Restate the listing below word for word; no pictures belong in the copy.

**Input data**
--- START ---
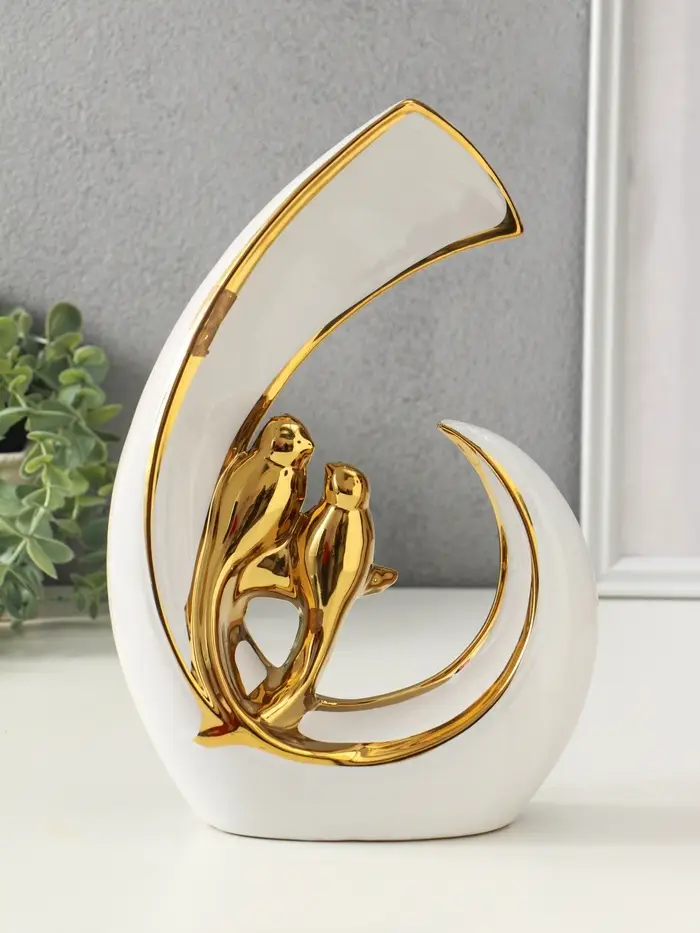 Сувенир керамика "Две птички. Абстракция" белый с золотом 8х20х29 см
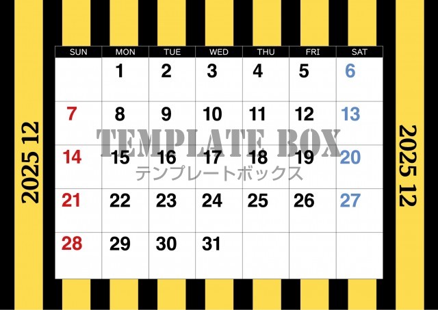 無料テンプレート:2025年12月カレンダー:横型の黄色と黒の目立つカレンダー
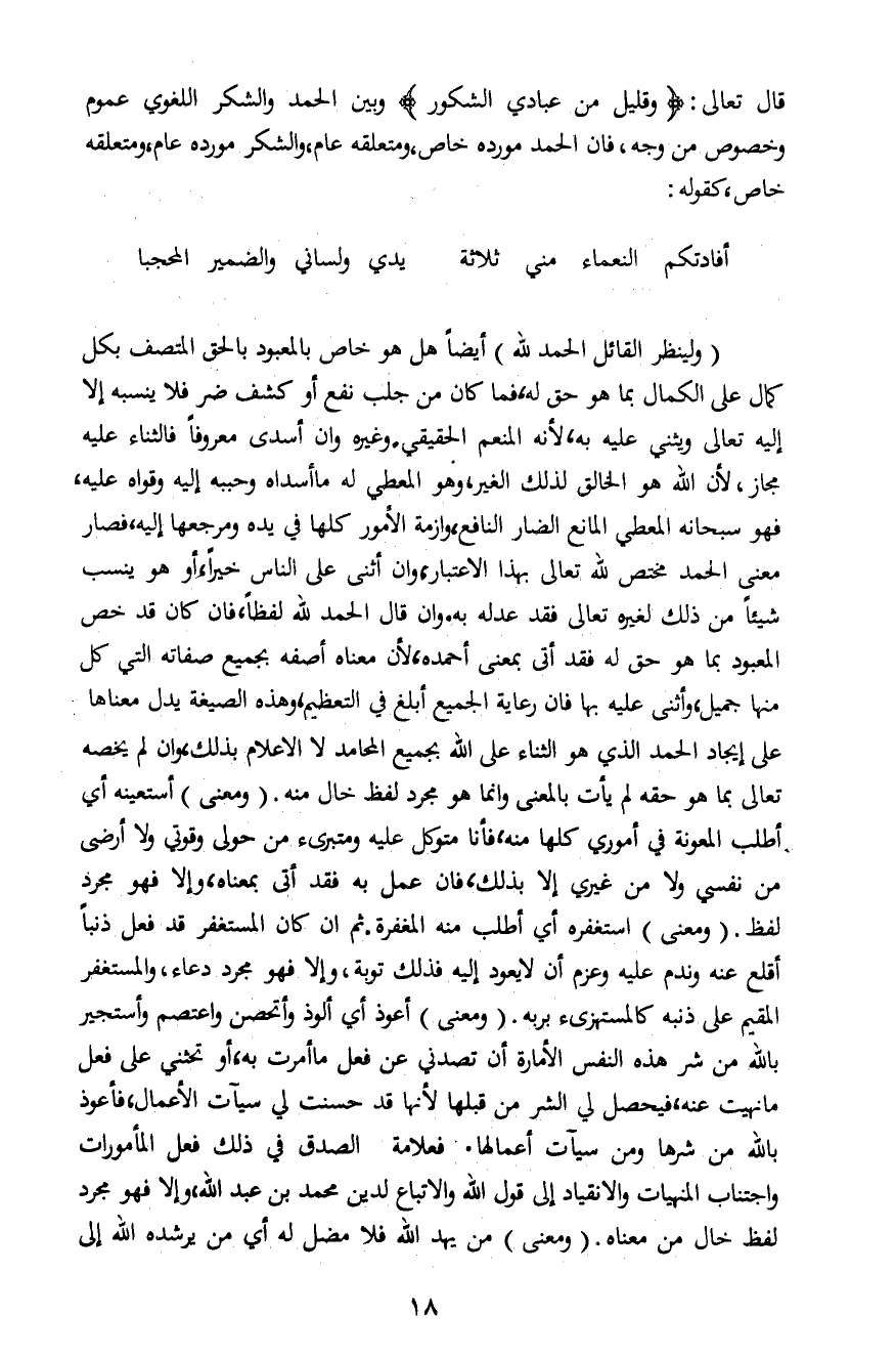 قال تعالى: {وَقَلِيلٌ مِنْ عِبَادِيَ الشَّكُورُ} وبين الحمد والشكر اللغوي عموم وخصوص من وجه، فان الحمد مورده خاص، ومتعلقه عام، والشكر مورده عام، ومتعلقه خاص كقوله:
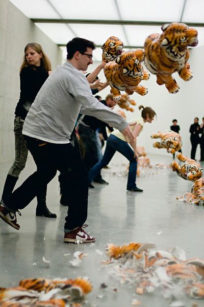 Das Foto wurde während einer Performance gemacht, die Maloberti 2010 für die Generali Foundation in Wien konzipiert hat. Die Tiger aus Keramik wurden in der Performance in einer Art Choreographie aufgestellt und von der Gruppe Menschen hochgehoben und so lange gehalten, bis die Kraft der Träger nachließ und sie die Tiere zu Boden warfen.
--- END ---
**Solution to the exercise**
 Сувенир керамика "Две птички. Абстракция" белый с золотом 8х20х29 см
 無料テンプレート:2025年12月カレンダー:横型の黄色と黒の目立つカレンダー
 قال تعالى: {وَقَلِيلٌ مِنْ عِبَادِيَ الشَّكُورُ} وبين الحمد والشكر اللغوي عموم وخصوص من وجه، فان الحمد مورده خاص، ومتعلقه عام، والشكر مورده عام، ومتعلقه خاص كقوله:
 Das Foto wurde während einer Performance gemacht, die Maloberti 2010 für die Generali Foundation in Wien konzipiert hat. Die Tiger aus Keramik wurden in der Performance in einer Art Choreographie aufgestellt und von der Gruppe Menschen hochgehoben und so lange gehalten, bis die Kraft der Träger nachließ und sie die Tiere zu Boden warfen.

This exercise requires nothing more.